RICHMOND — Del. Scott A. Surovell (D-Fairfax) made the strongest call yet for Gov. Robert F. McDonnell’s resignation over a gifts scandal, suggesting Sunday that the governor should be forced out if he does not step down by the end of the week.

“The legislative branch has a sworn independent responsibility to address corruption and malfeasance when we see them independent of criminal investigations,” Surovell wrote on his blog Saturday. . .  “If he has not resigned by the end of this week, then other measures should be on the table.”

Asked Sunday if he was calling for McDonnell’s impeachment, Surovell said in an e-mail, “There are many ways we can put pressure. Its unacceptable that only 3 legislators have spoken out.”

McDonnell spokesman Tucker Martin declined Sunday to comment on Surovell’s demand. McDonnell has previously said that he has done nothing wrong.

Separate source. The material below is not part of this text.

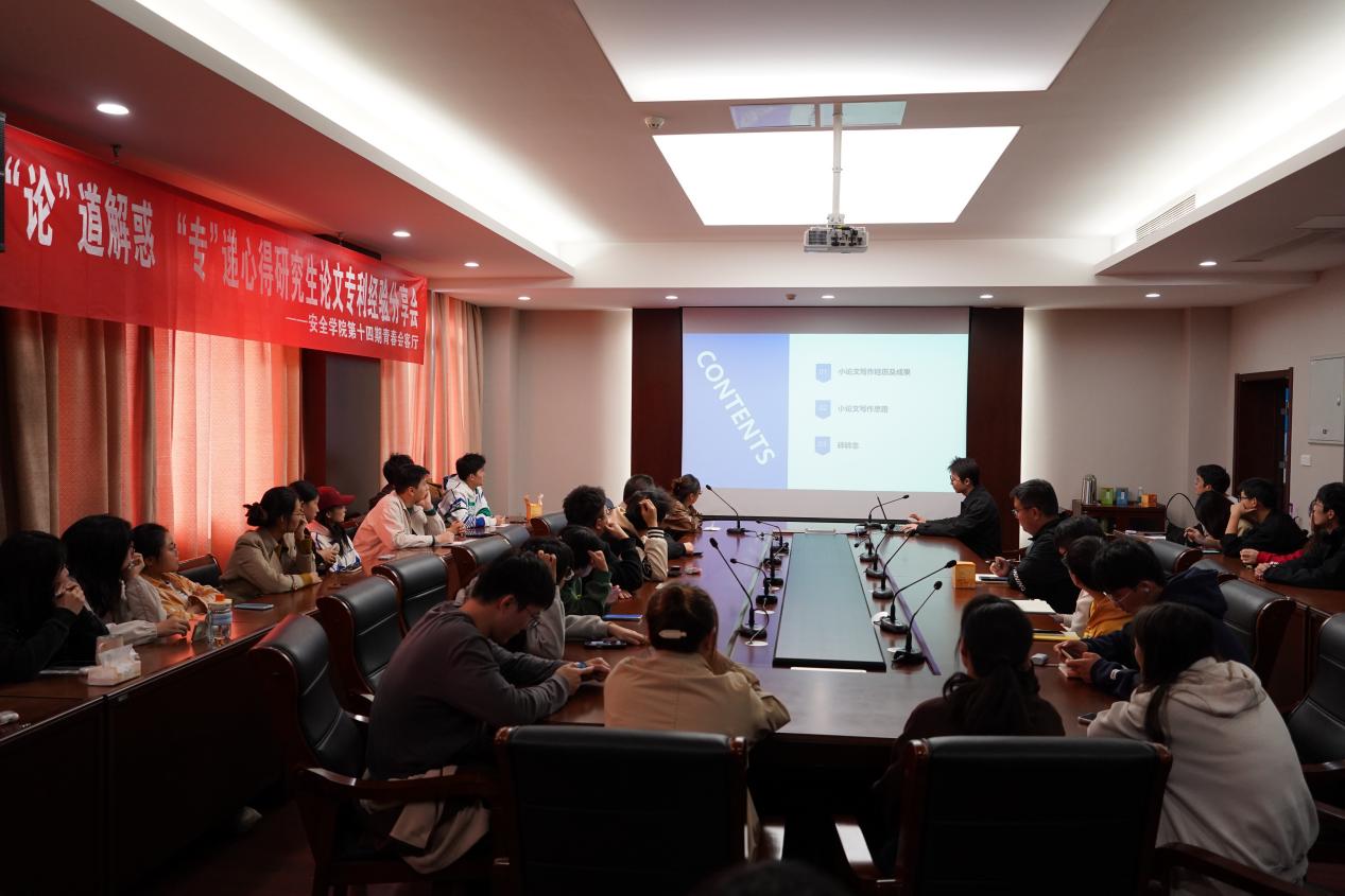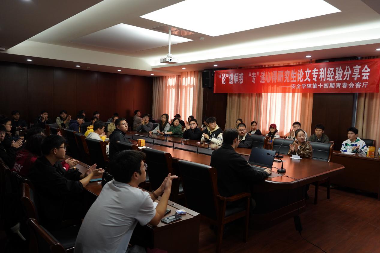 安全科学与工程学院研究生会于10月23日在厚德楼111会议室举办“‘论’道解惑,‘专’递心得”经验分享会——第十四期青春会客厅。本次活动邀请吴鹏、周纪元、喻广三位同学,分享他们在论文撰写与优化、专利投递与审查、科研绘图技巧、论文投稿策略、科研思路与经验总结等方面的宝贵经验,会议由学术部马倩主持。
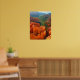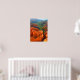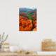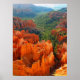 Bryce canyon Utah poster DE 8.99 . El cañón de Bryce no es un cañón, sino un anfiteatro natural gigante creado por la erosión a lo largo del lado oriental de la meseta de Paunsaugunt. Las palabras se confunden cuando no existen comparables. ¿Una cueva sin techo? ¿Un bosque de piedra? Incluso el "cañón" es engañoso, ya que Bryce está tallado por ciclos de deshielo, no por un río. Sin embargo, el "bache más grande del mundo" no es ni adecuado ni halagador. Bryce es distintivo debido a estructuras geológicas llamadas hoodoos, formadas por el viento, el agua y la erosión de hielo de las rocas sedimentarias del lecho del río y del lago. Los colores rojos, naranjas y blancos de las rocas ofrecen unas vistas espectaculares a los visitantes del parque. Bryce se encuentra en una altitud mucho mayor que el cercano Parque Nacional Zion. Espectacular en cualquier época del año esta maravilla del mundo añadirá majestuosidad y profundidad a cualquier habitación

Surovell’s call for McDonnell’s resignation follows a Washington Post story last week that reported that Star Scientific Inc. chief executive Jonnie R. Williams Sr. had given $70,000 to a corporation owned by McDonnell and his sister, $50,000 to first lady Maureen McDonnell and $10,000 to their daughter, Jeanine, to help defray the costs of her May wedding. Those gifts or loans were in addition to the $15,000 that, as The Post reported in March, Williams provided to cover the catering at the wedding of another McDonnell daughter, Cailin, in June 2011. McDonnell has said that Williams received no favors in exchange for the gifts.

On Wednesday, the day that report appeared, state Sen. Barbara Favola (D-Arlington) became the first state legislator to directly call for McDonnell’s resignation. A week earlier, based on previous reports on other gifts from Williams, including a $6,500 Rolex watch for the governor and a $15,000 Berdorf Goodman shopping spree for the first lady, Sen. Chap Petersen (D-Fairfax) had called on McDonnell to return the items and fully explain them to the public or resign.

McDonnell and his wife have helped Williams promote Star Scientific’s nutritional supplement, an anti-inflammatory called Anatabloc, with personal appearances by the first lady and a product launch party at the governor’s mansion. But McDonnell has said they have done nothing for Star that they wouldn’t do for any home-state enterprise.